(Exercise instructions)
The answer should hold every line of the listing, unchanged and free of images.

(Given material)
Content starts

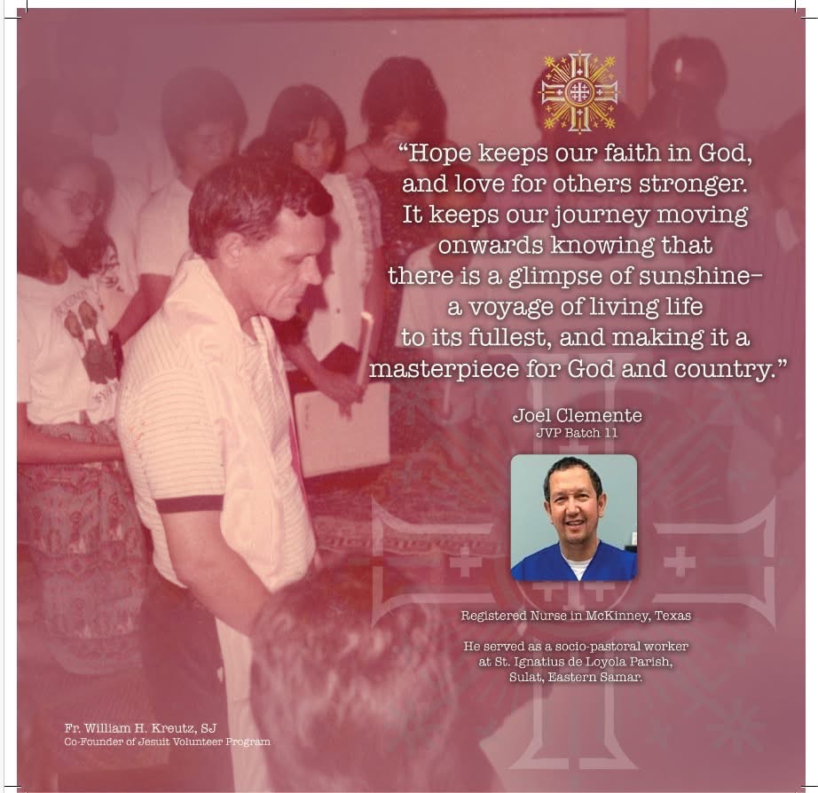 coming from different batches, were carefully endorsed and selected by the JVP central board, and the research committee of the Jesuit Communications Foundation, Inc., based in Ateneo De Manila University, Philippines, to share their photos from their mission year, and their personal quotation about hope.
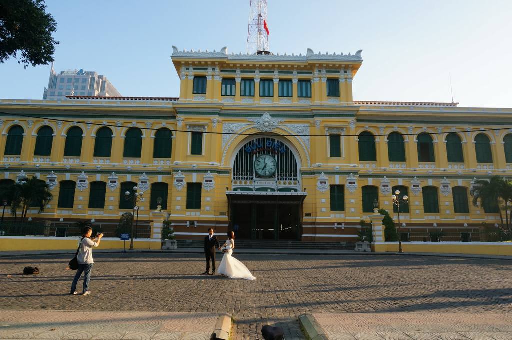 西贡邮局建于十九世纪末,为法国建筑师设计,大厅内装饰华丽,极富古典气息,宽阔的大厅两侧是业务柜台,中部由外至内是环形长椅,大厅左右两侧上方各有一张越南地图,据说是当年法国地理学家手绘,穹顶、圆形花窗、华丽的大吊灯、花型壁灯,电风扇等,无不透着哥特式建筑的风格。中央邮局至今还在使用,允许人们尽情拍照,也可以坐在那里发呆或观赏大厅里的一切。
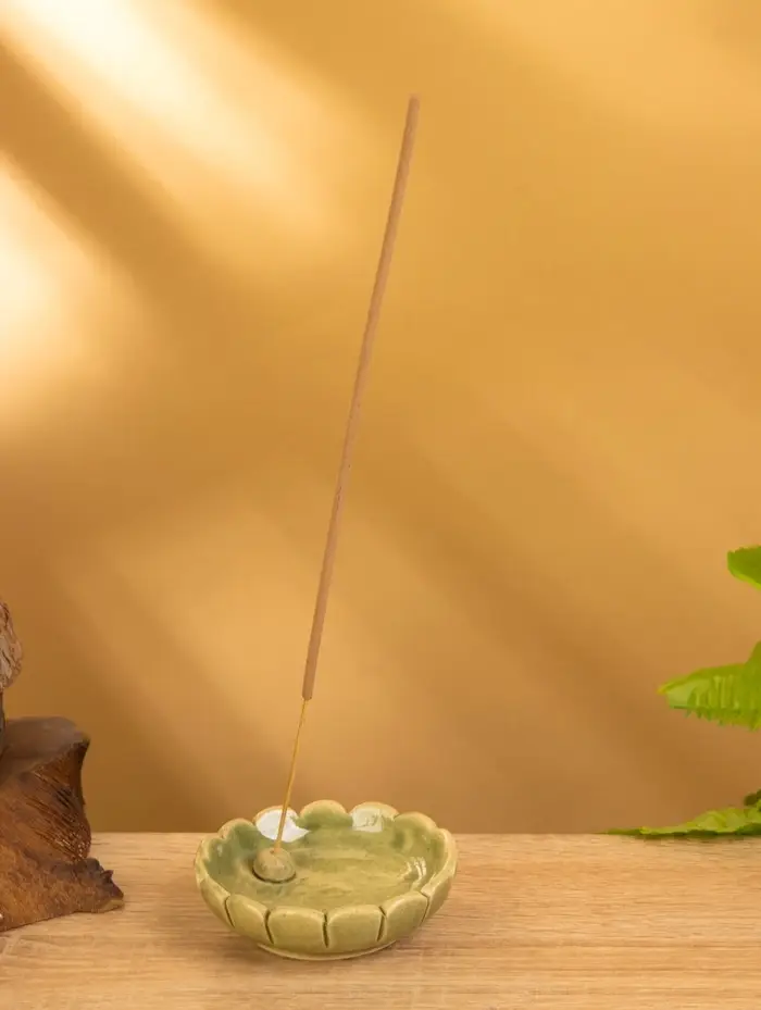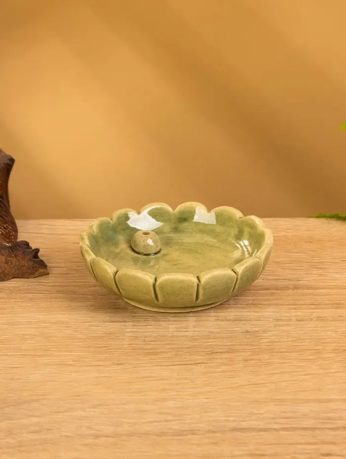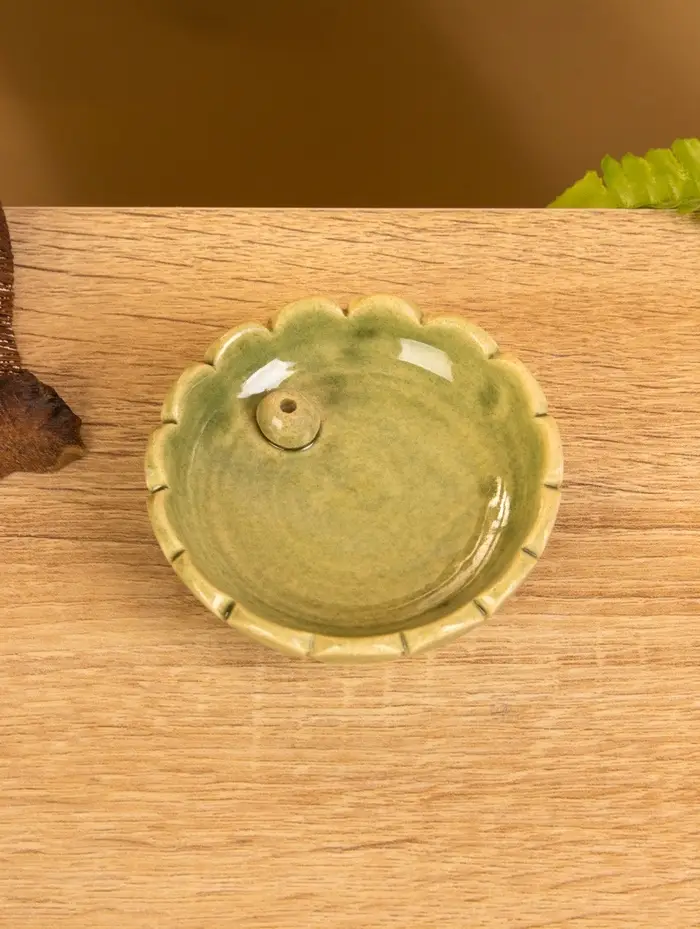 Подставка под благовония "Растение" керамика, цв. зелёный, 8х8х2 см

Content ends

(Problem solution)
 coming from different batches, were carefully endorsed and selected by the JVP central board, and the research committee of the Jesuit Communications Foundation, Inc., based in Ateneo De Manila University, Philippines, to share their photos from their mission year, and their personal quotation about hope.
 西贡邮局建于十九世纪末,为法国建筑师设计,大厅内装饰华丽,极富古典气息,宽阔的大厅两侧是业务柜台,中部由外至内是环形长椅,大厅左右两侧上方各有一张越南地图,据说是当年法国地理学家手绘,穹顶、圆形花窗、华丽的大吊灯、花型壁灯,电风扇等,无不透着哥特式建筑的风格。中央邮局至今还在使用,允许人们尽情拍照,也可以坐在那里发呆或观赏大厅里的一切。
 Подставка под благовония "Растение" керамика, цв. зелёный, 8х8х2 см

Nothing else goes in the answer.